• [Work order] Retype all of the data word for word, without pictures.

• [Supplied information]

================

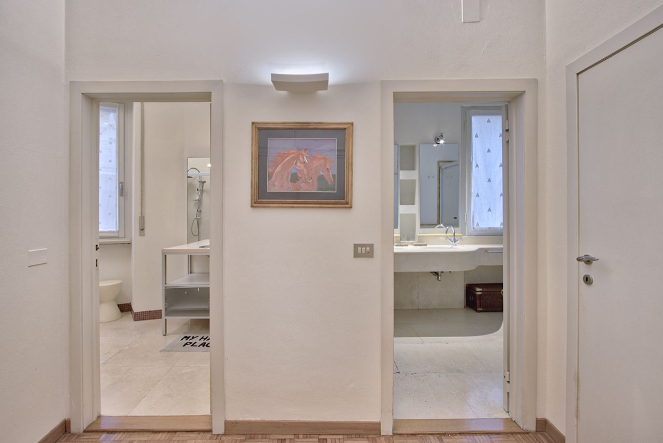 A servizio della zona notte vi sono due bagni completi: il primo, raffinato e ben rifinito, è dotato di doccia; il secondo, più ampio, presenta una spaziosa doccia walk-in e un elegante doppio lavabo, pensato per garantire praticità e comfort anche negli usi quotidiani più intensi.
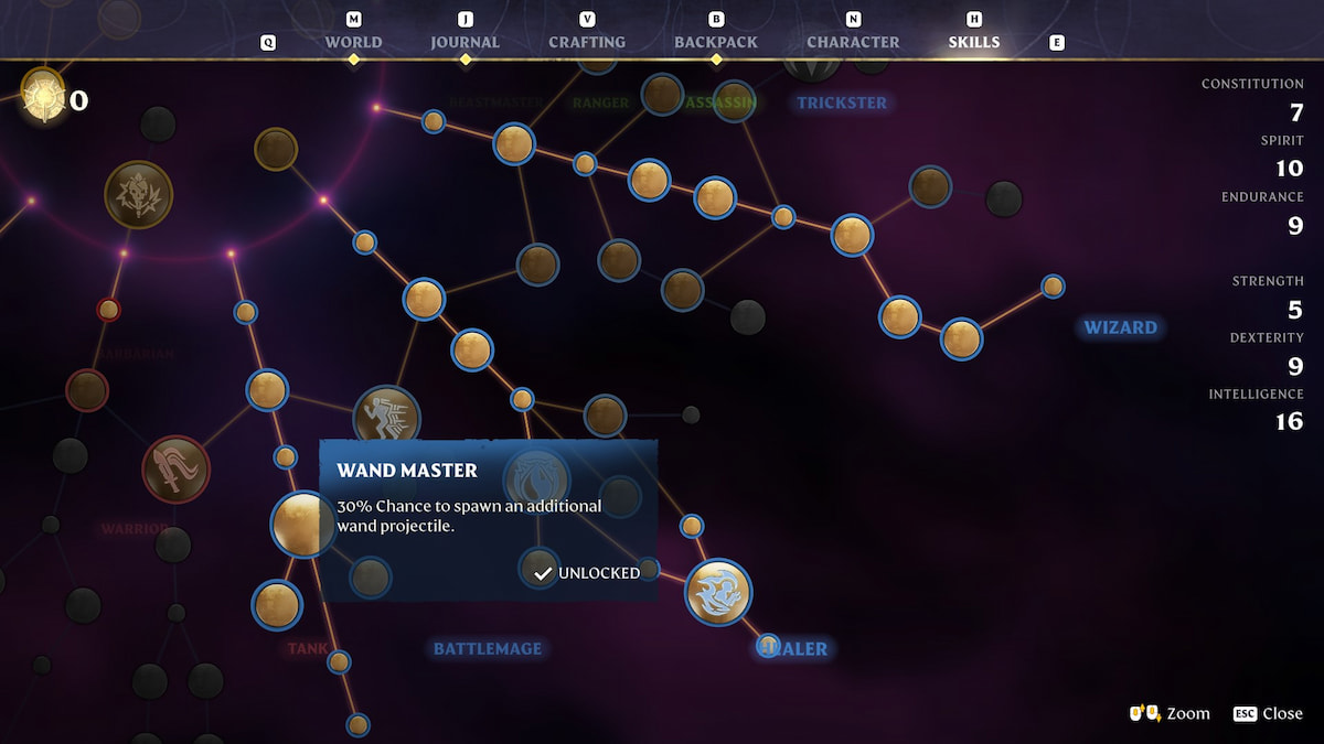 - Attribute nodes – If you are using only a wand, don’t waste your skill points on Spirit. Invest them into Intelligence instead.
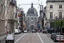 ![]() A view along the Rue Royale/Koningsstraat in Saint-Josse-ten-Noode facing Saint Mary's Royal Church in neighbouring Schaerbeek | |

================

• [Your response]
 A servizio della zona notte vi sono due bagni completi: il primo, raffinato e ben rifinito, è dotato di doccia; il secondo, più ampio, presenta una spaziosa doccia walk-in e un elegante doppio lavabo, pensato per garantire praticità e comfort anche negli usi quotidiani più intensi.
 - Attribute nodes – If you are using only a wand, don’t waste your skill points on Spirit. Invest them into Intelligence instead.
 ![]() A view along the Rue Royale/Koningsstraat in Saint-Josse-ten-Noode facing Saint Mary's Royal Church in neighbouring Schaerbeek | |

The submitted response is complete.